Cosmopolitan Peasantry: Roy Campbell in Spain
Roy Campbell was raised in a period of accelerated social and industrial change in South Africa. Born at the end of the Anglo-Boer War, he grew up during the period of Union, with its burgeoning myth-making propaganda in the post-1910 era, intended to draw tourism and travel to a young nation, and which represented the country as a repository of pastoral and primitivist experience. As an adult, he lived and worked in Mediterranean villages and towns, converting to Catholicism, and settling finally in Portugal.
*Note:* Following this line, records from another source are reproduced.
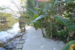 This tropical oasis is located on the El Rio canal with fixed bridge ocean access and a private dock. Spacious open floor plan with three bedroom plus bonus room/workshop/office/utility area.Some of the many fine features include: a granite rock fireplace, plaster walls, hurricane shutters, cedar lined closets, walk in pantry plus butlers pantry, wood floors, loggia with cypress ceiling, sandy beach with fire pit by the dock and heated pool. The backyard is huge and has mature trees along with fruit trees. A must see for the buyer who wants the true Florida lifestyle.
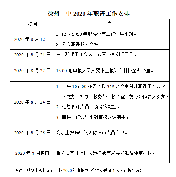 徐州市第二中学2020年职评工作安排
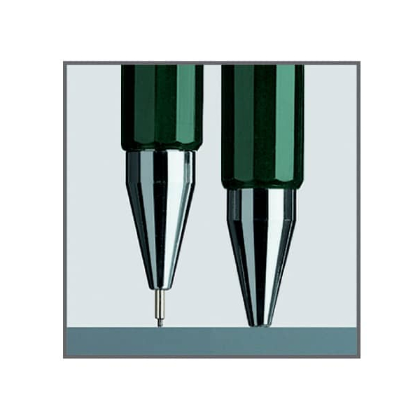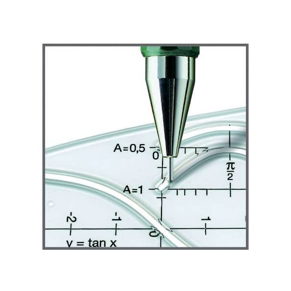 Das durchdachte Design umfasst auch einen Farbcode auf dem Druckknopf, der Ihnen sofort hilft, die Linienbreite zu identifizieren. Der grüne Schaft und das runde, geriffelte Griffstück bieten nicht nur eine ansprechende Optik, sondern auch hohen Komfort bei der Benutzung.
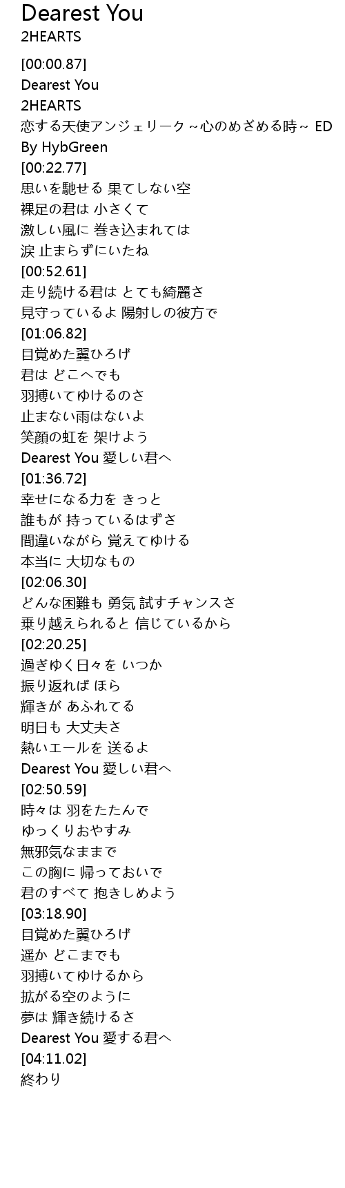| [04:05.42] | Dearest You 愛する君へ |
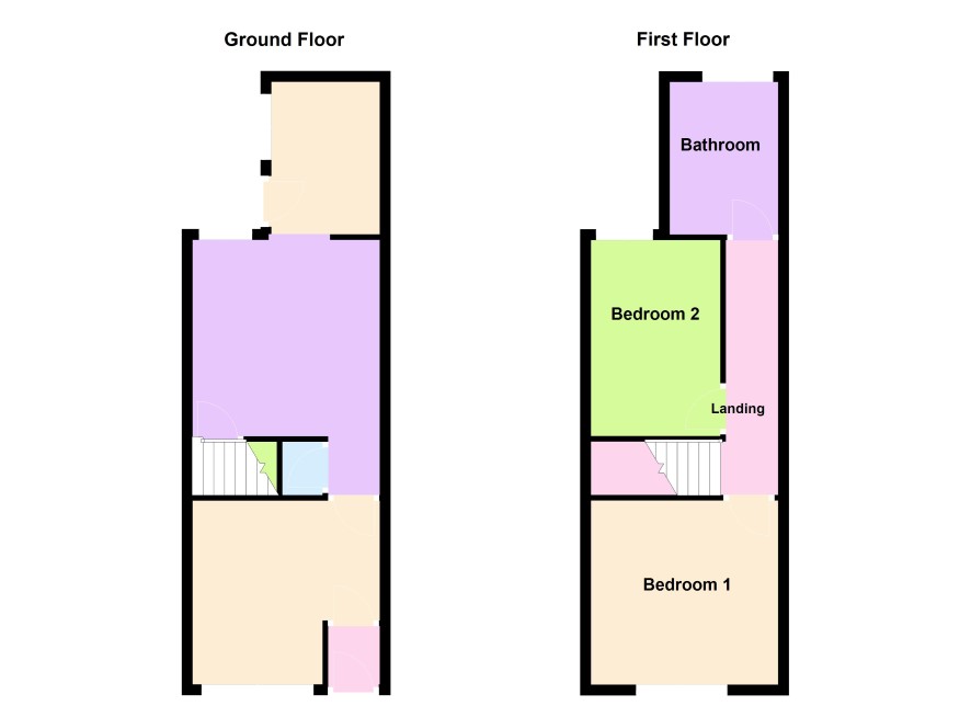 Front Door to Hall with access to Front Living Room 3.58m x 3.48m, Inner Hallway with store cupboard, Living Room 3.7m x 3.6m leading into Kitchen 2.7m x 2m with sink unit, range of base and wall units and door to outside.
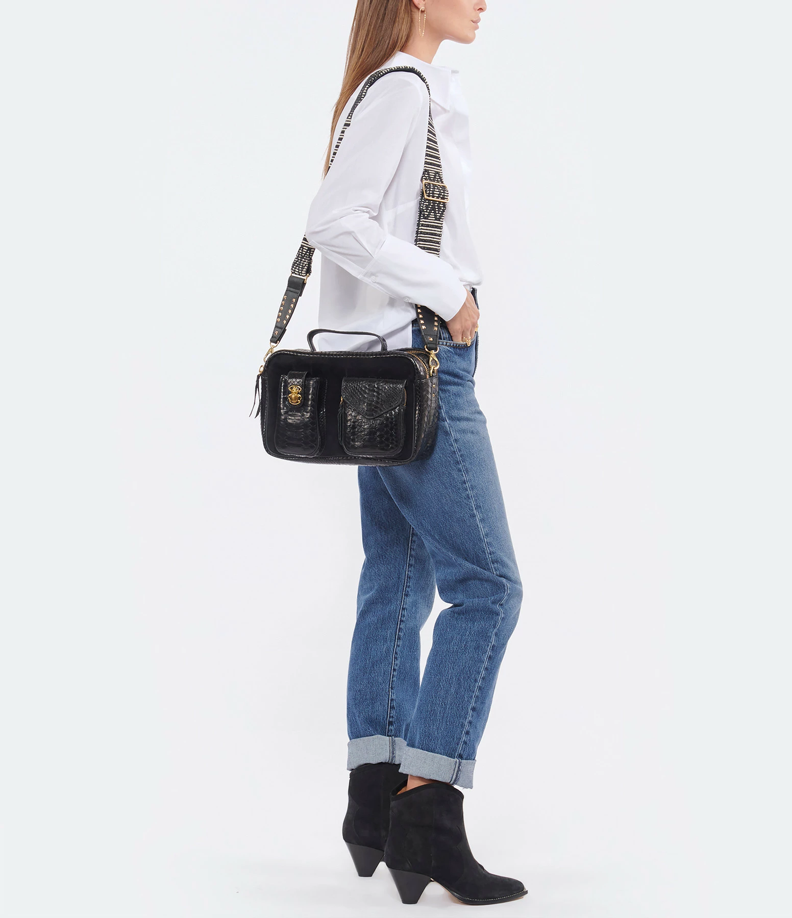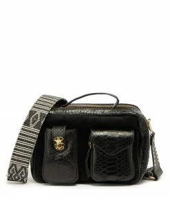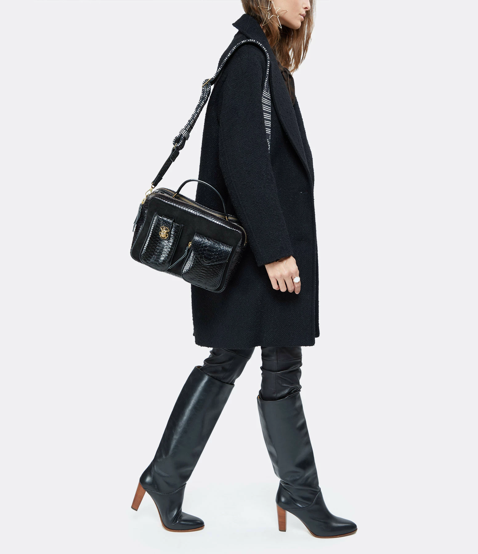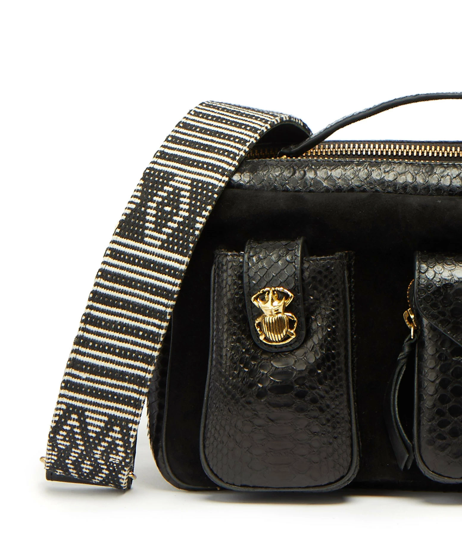 Sac en python et cuir suédé noir pour femme. Grand format. Bandoulière amovible tissée à la main et doublée en cuir avec crochets. Poignet pour un porté main. Deux grands compartiments fermés par des zips. Une poche passepoilée entre les deux compartiments. Poche intérieure zippée. Deux poches sur le devant avec un détails scarabée. Intérieur doublé en coton.
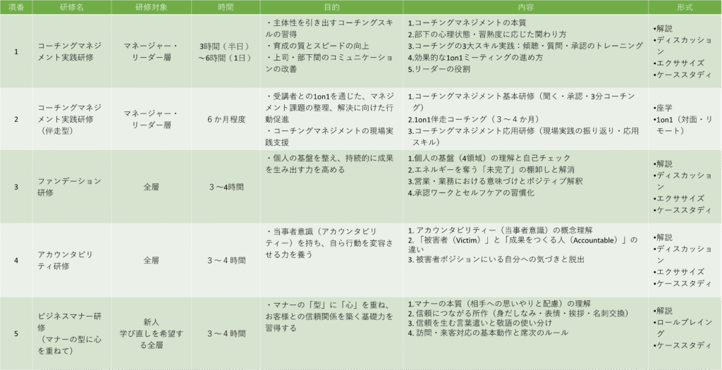 長年のコーチング経験をもとに、現場で活きる知見を体系化した実践型研修です。
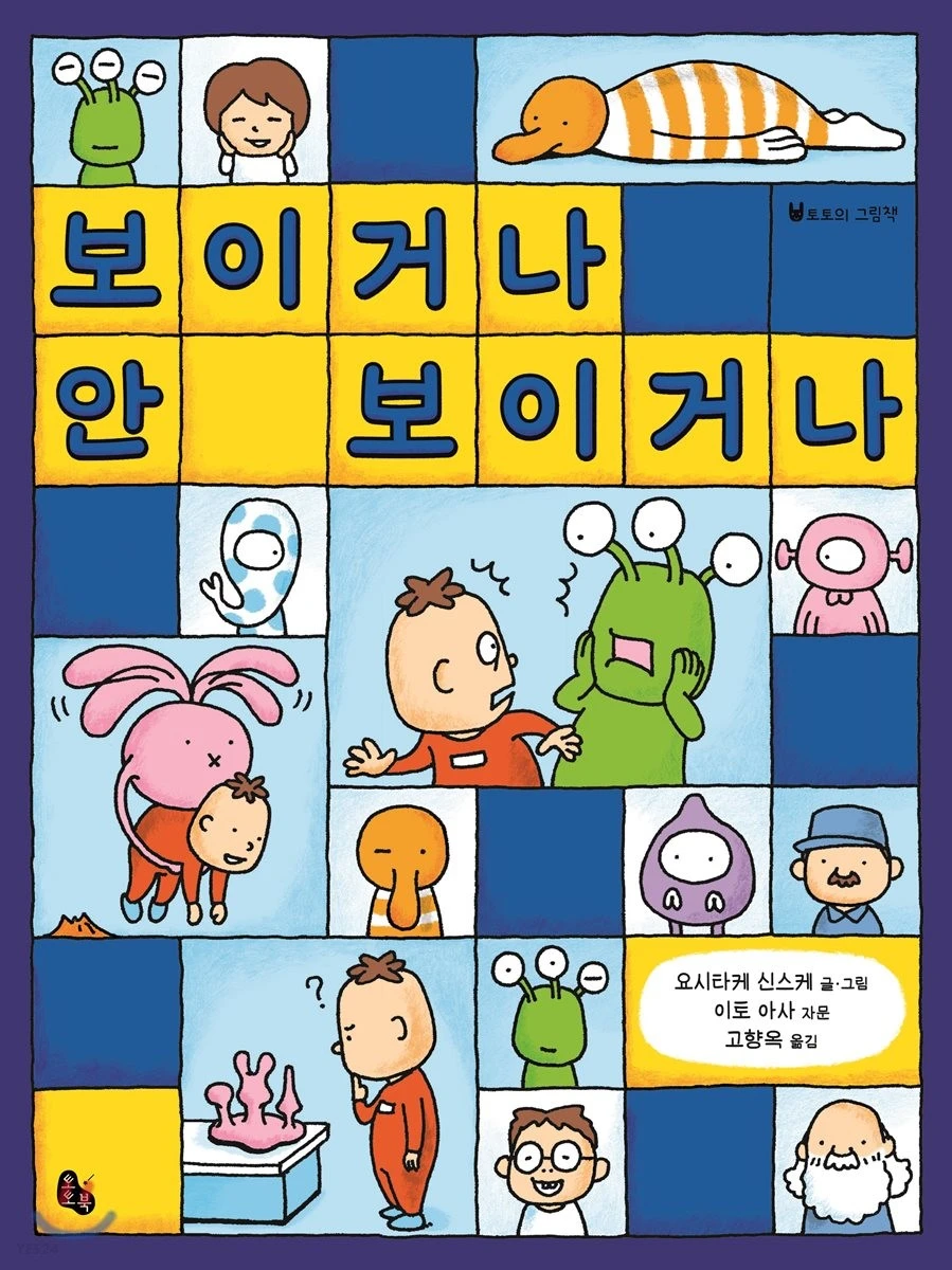 그중에 소개해주고 싶은 책은 요시타케 신스케의 <보이거나 안 보이거나>야. 지난번에도 이 작가의 책을 소개했는데, 또 나와버렸다. 아마 다음에 또 나올지도 몰라. 나와 준호가 엄청난 팬이거든! 이 책은 이토 아사의 <눈이 보이지 않는 사람은 세상을 어떻게 보는가>라는 책을 바탕으로 요시타케 신스케가 이야기를 생각하고 이토 아사와 의견을 나누면서 만들었대. 온갖 별을 여행하는 우주 비행사가 주인공인데 눈이 뒤에도 있어서 앞 뒤를 동시에 볼 수 있는 사람들이 사는 별에 도착하면서 책이 시작돼.
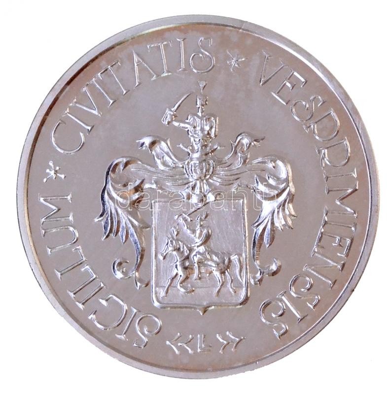 Lugossy László (1944-) DN "Veszprém a királynék városa / Sigillum Civitatis Vesprimensis" ezüstözött fém emlékérem, eredeti tokban (42,5mm) T:1 patina
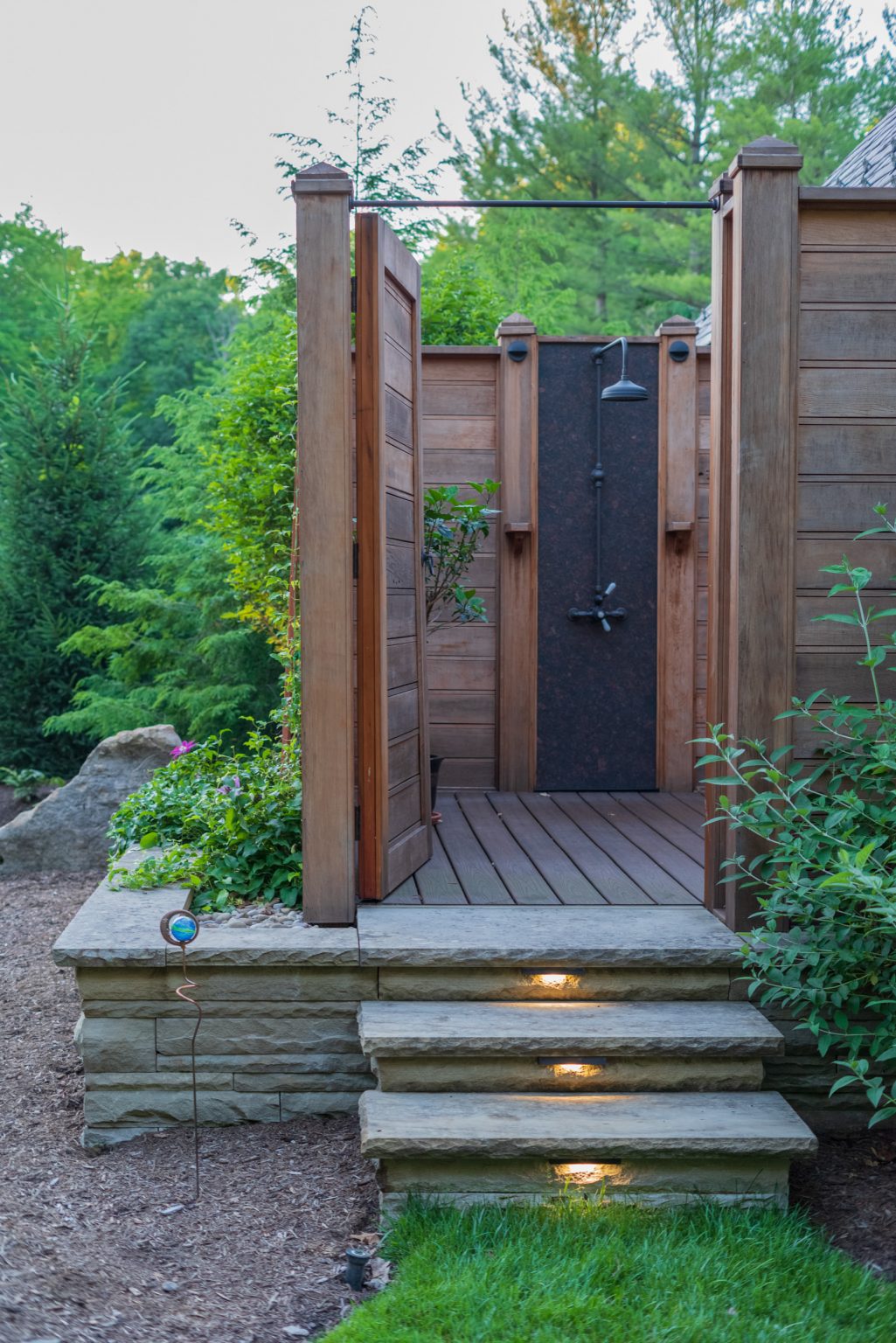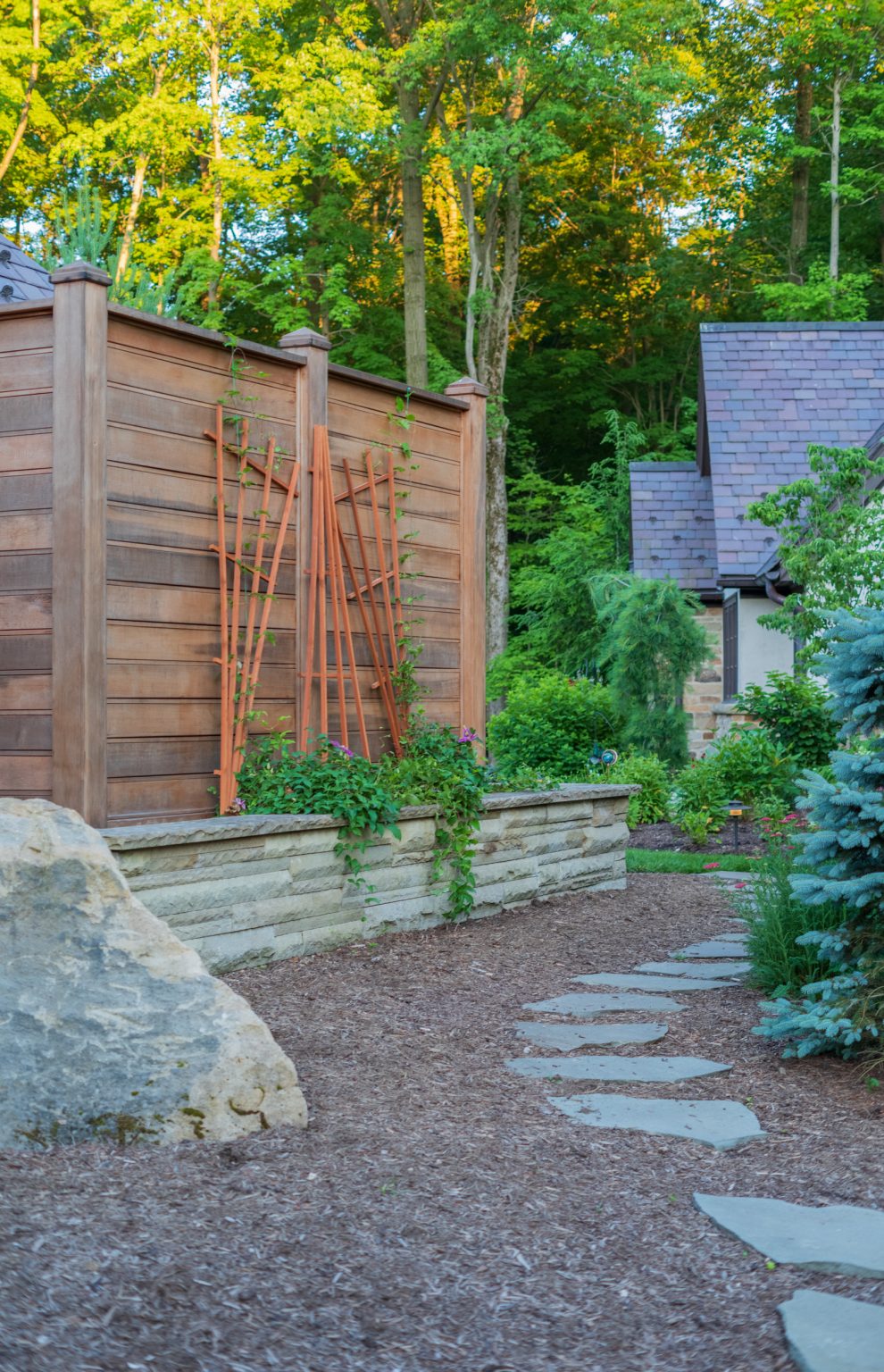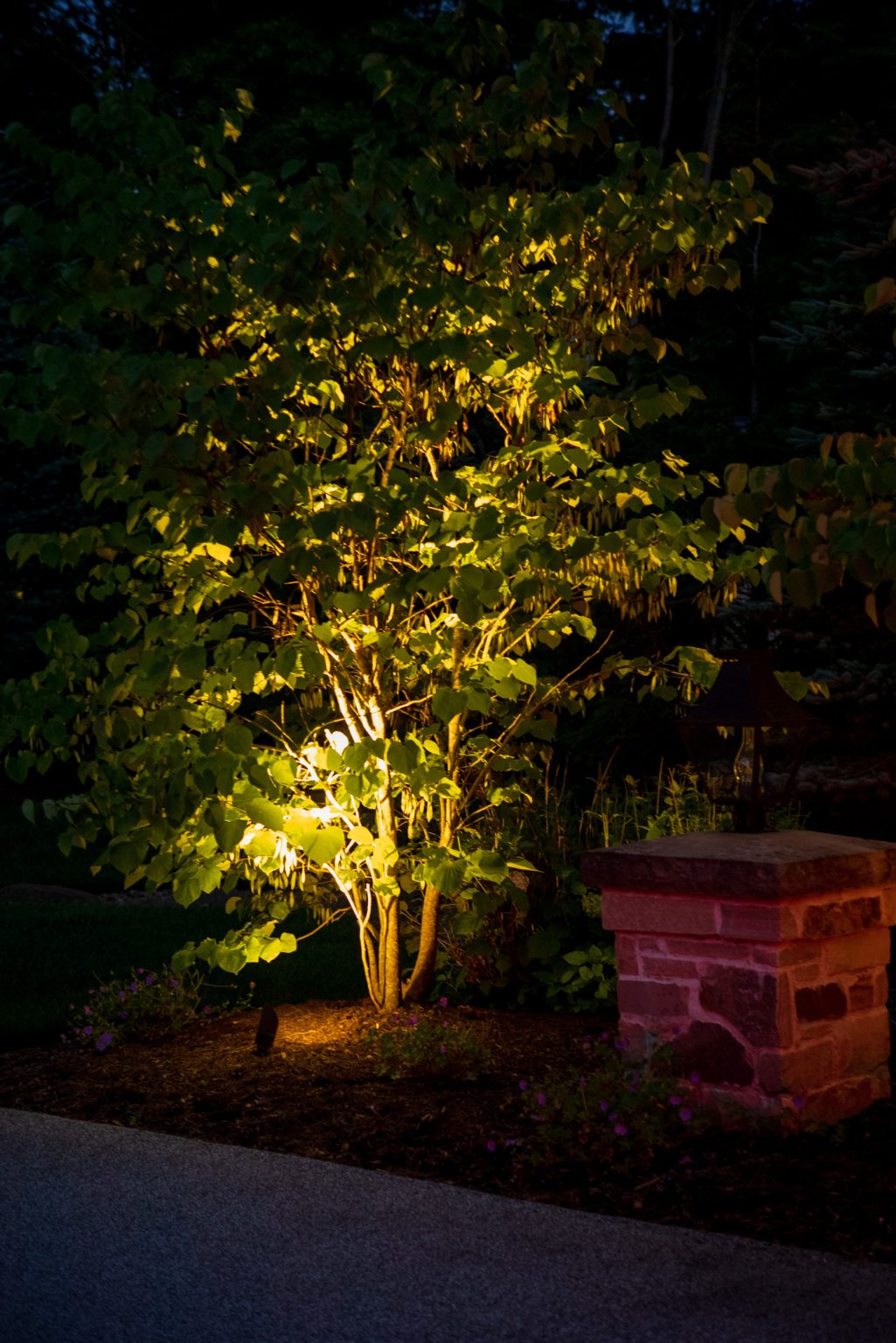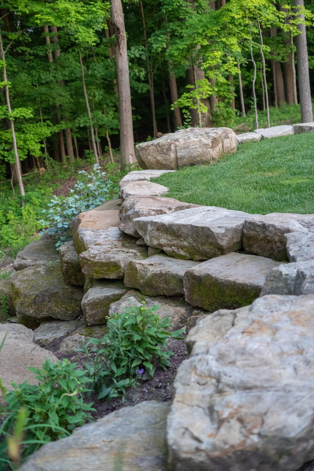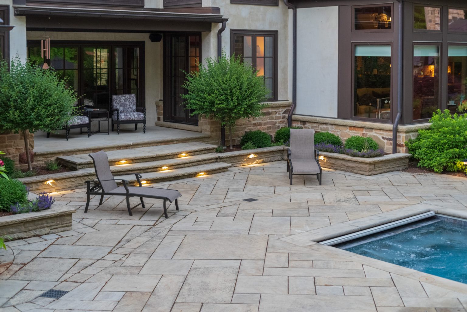 County Line Estate’s long, winding driveway leads to a large turnaround and fabricated sandstone drop-off spaces at the front of the home. Layered planting beds featuring salvaged stone elements were designed to emphasize the home’s impressive architecture, an effect further enhanced by extensive LED and gas lighting.

Strongly connected to Anglo-European modernist networks, Campbell’s instinctive, and conservative, attractions to village life in archaic Mediterranean spaces were of his time. Why, though, would a South African poet of his impulses and tastes abandon the late colonial context, and the poetic opportunities that the landscape and its people had represented for him? In this paper, I will consider Campbell’s poetic and personal choices in the context of his relationship to the South African landscape, a space rich with material for modernist and "primitivist" imagery, but which was newly and aggressively marketing these very qualities.
This paper will reflect on these meanings of landscape, lifestyles, family and belief, drawing on Campbell’s autobiographies, letters, and criticism, and on the passions and desires for particular forms of space, rhythm and time expressed in his verse.
Lannie Birch (South Africa)
Department of English
University of the Western Cape
I have worked as a lecturer in the UWC English Department for the past 8 years, where I am now registered as a Doctoral student.